-------- Data for review
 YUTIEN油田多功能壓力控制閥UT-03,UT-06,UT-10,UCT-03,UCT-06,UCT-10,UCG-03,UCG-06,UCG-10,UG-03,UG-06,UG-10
----------------
-------- Data for review
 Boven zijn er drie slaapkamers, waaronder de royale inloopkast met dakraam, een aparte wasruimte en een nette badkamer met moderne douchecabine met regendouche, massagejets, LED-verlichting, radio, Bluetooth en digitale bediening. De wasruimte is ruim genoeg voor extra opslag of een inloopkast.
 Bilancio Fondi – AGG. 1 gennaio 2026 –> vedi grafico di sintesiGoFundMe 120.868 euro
----------------
-------- Data for review
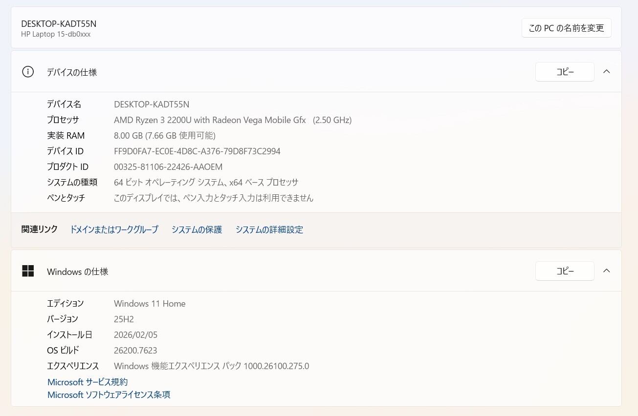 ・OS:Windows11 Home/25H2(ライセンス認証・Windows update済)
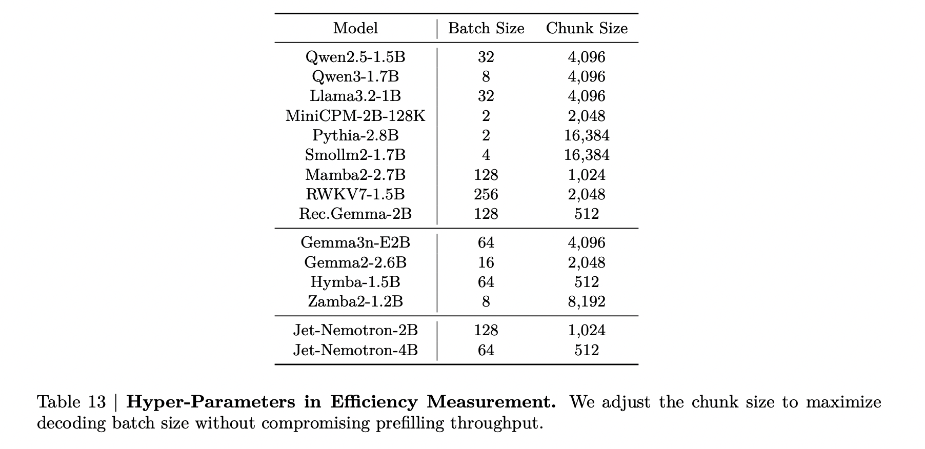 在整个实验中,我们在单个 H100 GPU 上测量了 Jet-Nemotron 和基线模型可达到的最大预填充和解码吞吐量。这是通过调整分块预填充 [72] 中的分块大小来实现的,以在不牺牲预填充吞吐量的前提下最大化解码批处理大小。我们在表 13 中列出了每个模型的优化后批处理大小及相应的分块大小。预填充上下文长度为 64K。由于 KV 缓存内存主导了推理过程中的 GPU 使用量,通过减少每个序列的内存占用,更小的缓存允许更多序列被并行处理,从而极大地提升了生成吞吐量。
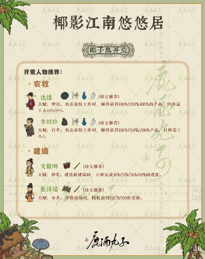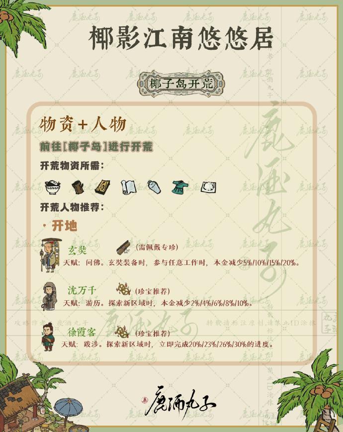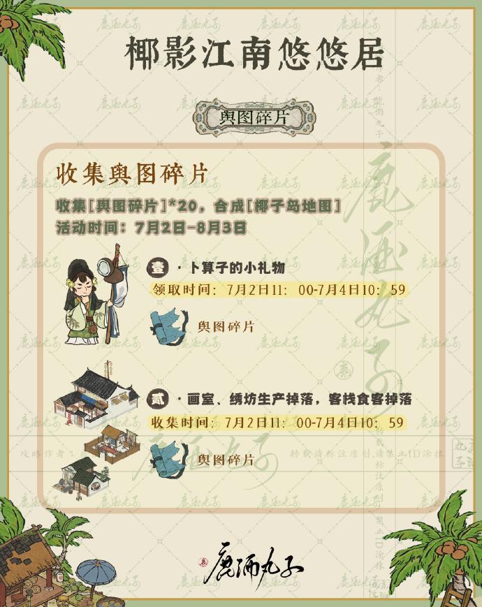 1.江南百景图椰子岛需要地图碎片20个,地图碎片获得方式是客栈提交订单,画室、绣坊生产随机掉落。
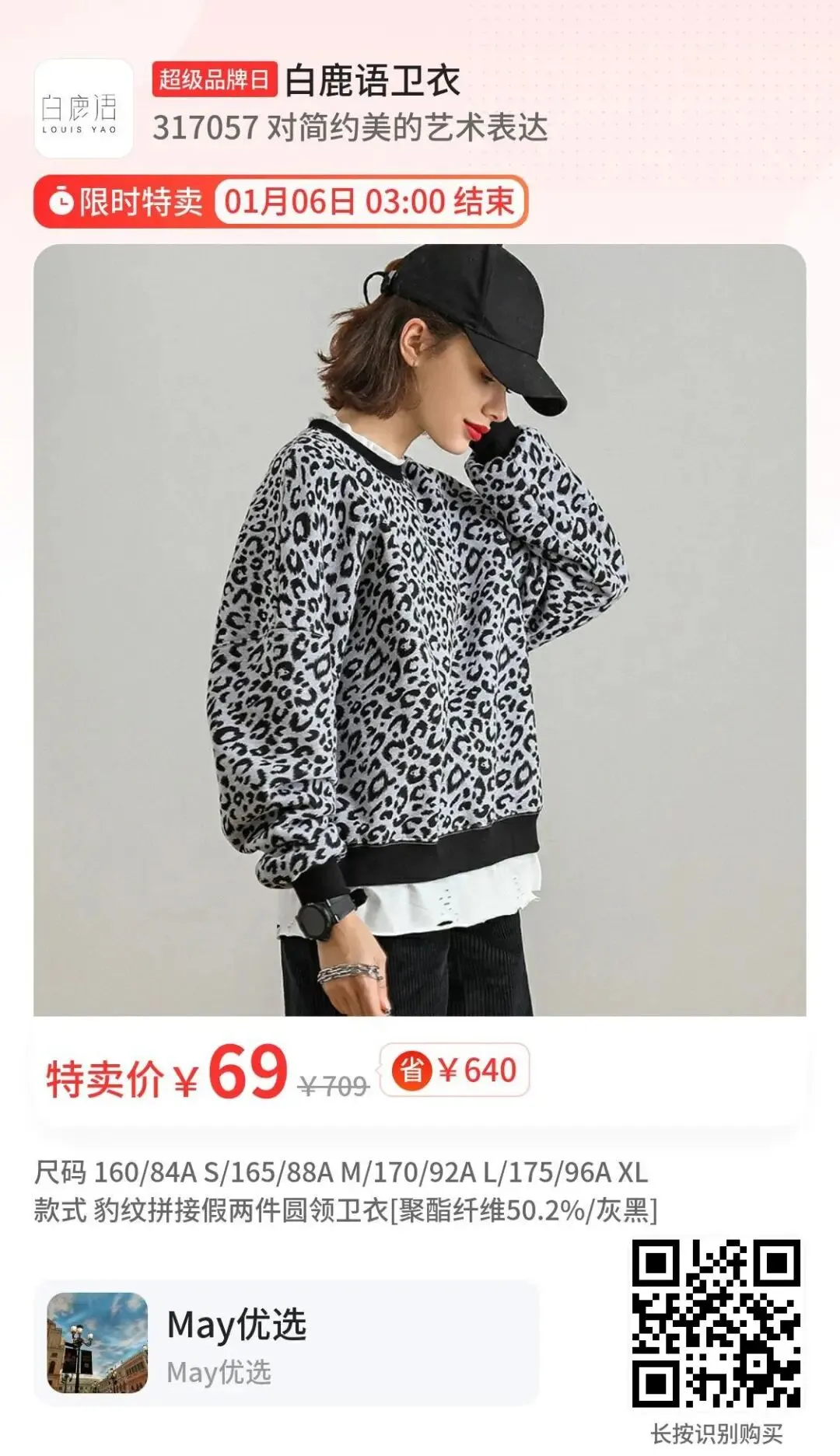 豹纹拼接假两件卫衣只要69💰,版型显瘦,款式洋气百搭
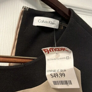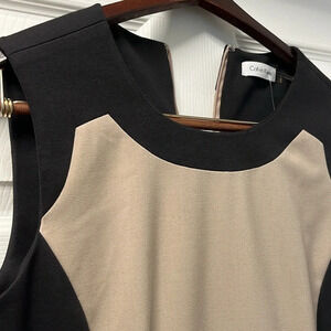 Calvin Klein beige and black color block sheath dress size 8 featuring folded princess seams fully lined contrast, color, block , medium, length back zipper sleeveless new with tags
----------------
## Directions for this task
From the listing above, please give again the lines that begin with the line holding "豹纹拼接假两件卫衣只要69💰,版型显瘦,款式洋气百搭" and go on through the line holding "Calvin Klein beige", exactly, both ends included, minus any picture.

## Completed task
 豹纹拼接假两件卫衣只要69💰,版型显瘦,款式洋气百搭
 Calvin Klein beige and black color block sheath dress size 8 featuring folded princess seams fully lined contrast, color, block , medium, length back zipper sleeveless new with tags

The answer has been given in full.